Noella LopesNicolas BoucheritJeremy C SantamariaNathan ProvinJonathan CharaixPierre FerrierMatthieu GiraudMagali Irla
Published in: eLife (2022)
Interactions of developing T cells with Aire + medullary thymic epithelial cells expressing high levels of MHCII molecules (mTEC hi ) are critical for the induction of central tolerance in the thymus. In turn, thymocytes regulate the cellularity of Aire + mTEC hi . However, it remains unknown whether thymocytes control the precursors of Aire + mTEC hi that are contained in mTEC lo cells or other mTEC lo subsets that have recently been delineated by single-cell transcriptomic analyses.

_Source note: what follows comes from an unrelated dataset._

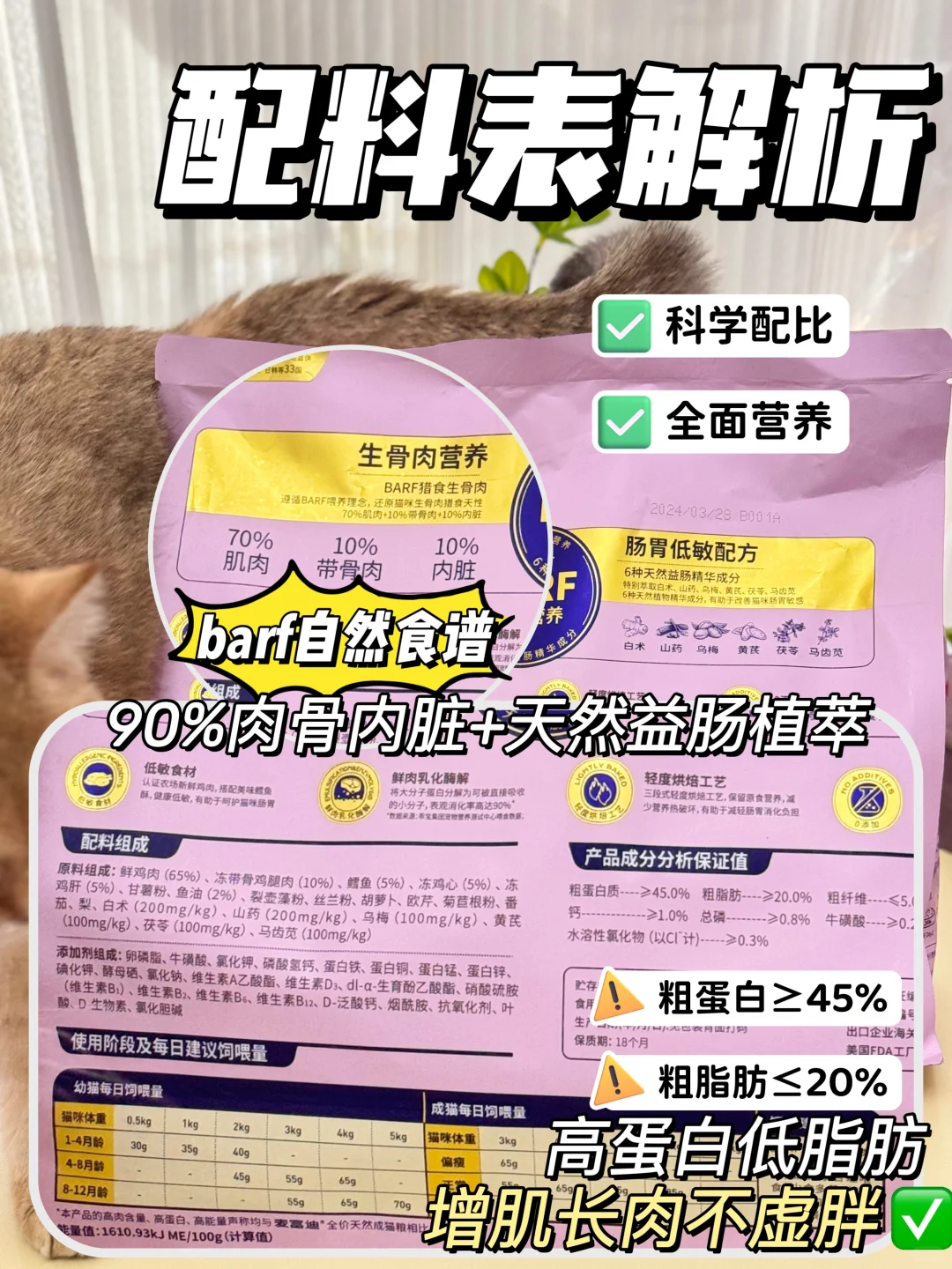 ✅90%肉骨内脏🍗,肉源采用认证农场鲜鸡肉都是0冻肉0肉粉,低敏健康又新鲜,还有45%粗蛋白 ,20%粗脂肪的配比,营养含量很到位。

Here, using three distinct transgenic mouse models, in which antigen presentation between mTECs and CD4 + thymocytes is perturbed, we show by high-throughput RNA-seq that self-reactive CD4 + thymocytes induce key transcriptional regulators in mTEC lo and control the composition of mTEC lo subsets, including Aire + mTEC hi precursors, post-Aire and tuft-like mTECs. Furthermore, these interactions upregulate the expression of tissue-restricted self-antigens, cytokines, chemokines, and adhesion molecules important for T-cell development. This gene activation program induced in mTEC lo is combined with a global increase of the active H3K4me3 histone mark. Finally, we demonstrate that these self-reactive interactions between CD4 + thymocytes and mTECs critically prevent multiorgan autoimmunity. Our genome-wide study thus reveals that self-reactive CD4 + thymocytes control multiple unsuspected facets from immature stages of mTECs, which determines their heterogeneity.